I also hope to set up a very large tmpfs normally in RAM and spilling on occasion into those two swap partitions. I hope to export the tmpfs as a Samba share, because the W7 has a large need for a good tmp area and W7 doesn't do tmp well. The key to a good tmp area is that short lived files never get their directory entries written to disk. tmpfs does that. Other file systems, even with write behind disk caching still write the directory for creating and deleting short lived files. I hope despite the overhead of Samba access to tmp through the virtual network that this tmp will be faster than a Windows filesystem.

That tmpfs also brings up my RAM question regarding the VM. The hardware will have a massive amount of ram. The Windows system will usually need only a small fraction of that. On rare occasions I want to run something on the W7 that needs almost all the RAM. If I set up the VM with almost all the ram, how do I get W7 to shed most of it when it doesn't really need it (vs. keeping it in stale cache entries) so Centos will have that ram for tmpfs? Alternately, if I set up the VM to have only a fraction of the total RAM, how do I dynamically reconfigure it to have more (right before starting the rare operation that needs it)?

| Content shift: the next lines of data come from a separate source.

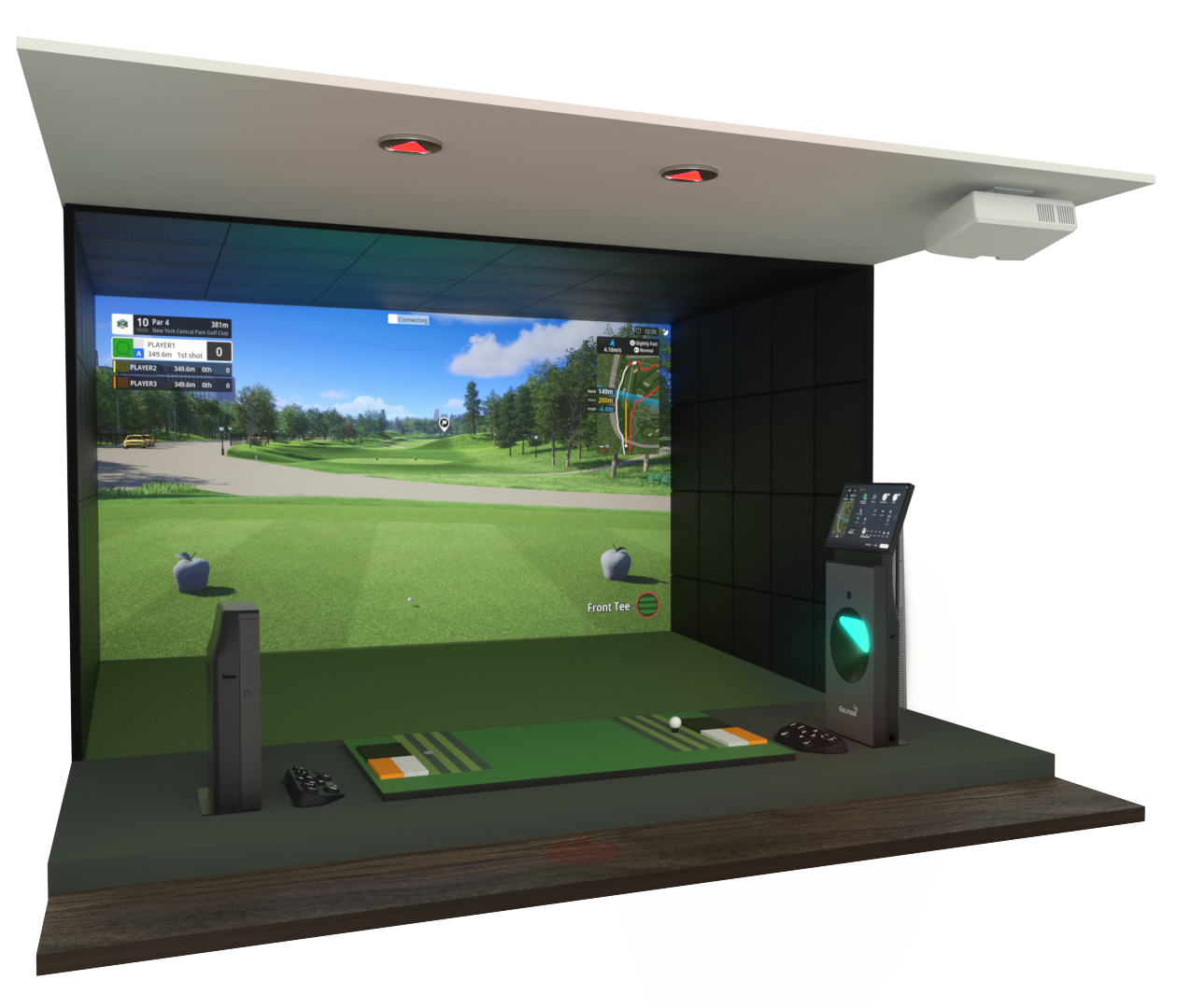 90° T4 sensor layout for accurate ball data, plus HD cameras at 400 fps for clear swing analysis.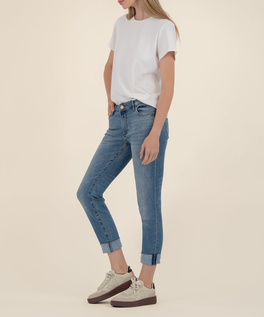 • Relaxed yet flattering, these boyfriend jeans feature a mid-rise fit and stretchy material for all-day comfort. With a touch of distress and a roll-up or roll-down hem, you can switch up your style with ease. The medium wash adds a classic, laid-back vibe.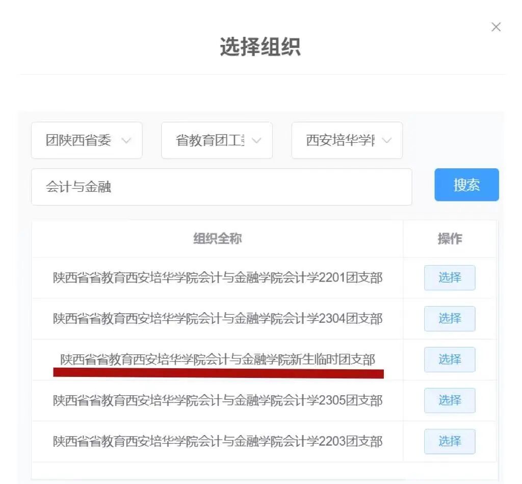 注:转接到各学院所在的新生团支部,切记不能直接转入校团委,否则无法准确二次分配。转到会计与金融学院团总支的同学撤销申请,再申请转入临时支部。
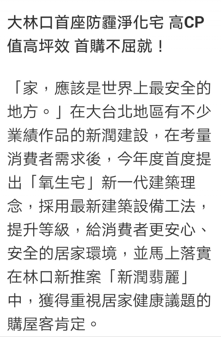 愛與包容 wrote:...(恕刪) 這個小區域400公尺直徑的範圍,5分鐘步行距離,目前有新潤翡麗,新潤鉑麗,昕時代,根津苑,華悅城,甲子園,玄泰V1,富宇敦峰,皇普mvp.....等近10個建案集中在這裏。此處也是距離華亞科,樂善國小,大崗國中及A8長庚商圈,最近的地帶。未來生活機能會快速成形,能夠擺脫一般重劃區,要度過經年累月,長期機能性不足的窘境。<新潤翡麗,鉑麗>就處於此區塊的黃金核心位置,以精省空間規劃,低總價氧生宅產品為主,又是優質上市品牌建商,首購網友們不可輕忽!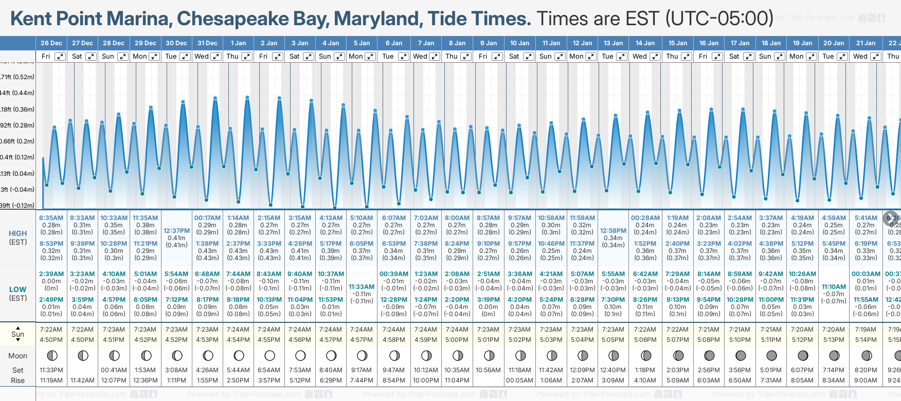December and January Tide charts for Kent Point Marina, Chesapeake Bay: The tide charts below show the height, time and date of high and low tides for the next 30 days.

What do you use? I have not seen this problem with VIPRE, which I use, although I do not usually use W7 published shares, just SAMBA on the host and other machines. I wouldn't be surprised if Norton, McAfee or Kaspersky does that though. BitDefender has a good reputation, but I haven't tried it in this context.

Sounds reasonable; I haven't actually tried using one of my SAMBA shares as a data drive. Some Windows programs are not happy with network drives, and sometimes permission issues are a pain with shared files, so setup your SAMBA shares with the appropriate create mask. I suspect the speed will be acceptable, but not nearly as fast as using the drive directly. Ordinary access to network SAMBA drives on the host is usually pretty fast in my experience.

If you use KVM/qemu you can install the virtio drivers including the balloon driver, which I believe is supposed to address this particular issue.

Hope that helps.

So far as I can determine, most of the problem is Bit9 but another big chunk is McAfee.

Lots of programs aren't happy with network paths, but are fine as long as you map the share to a drive letter and then access through that drive letter.

I'm not aware of programs that don't like shares accessed through mapped drive letters. If there are such, I hope those don't wreck my plan.

Figuring out how to use SAMBA at all, is still on my to-do list. The IT person who will be helping has set up a lot of SAMBA shares, and will probably get that right. But since it will be my main compute resource, I need to also know that part myself.

I can't remember which ones tripped over this, but even with mapped drives it occasionally happens. W7 is funny with samba also; by default it uses "homegroups" so you have to change the default network settings to use usernames and passwords.

The IT person here is more experienced with Virtualbox and will use that unless I have very good reason to talk him out of it.

That seems to also have a balloon driver.

The hardware will probably be here in two weeks.

What else should I try to figure out before setting it up?

Is Virtualbox a good choice? If not, why not?

as far as I know virtualbox eats up more resources, and probably slower, otherwise they are more or less same. It depends on what do you want to run inside your vm.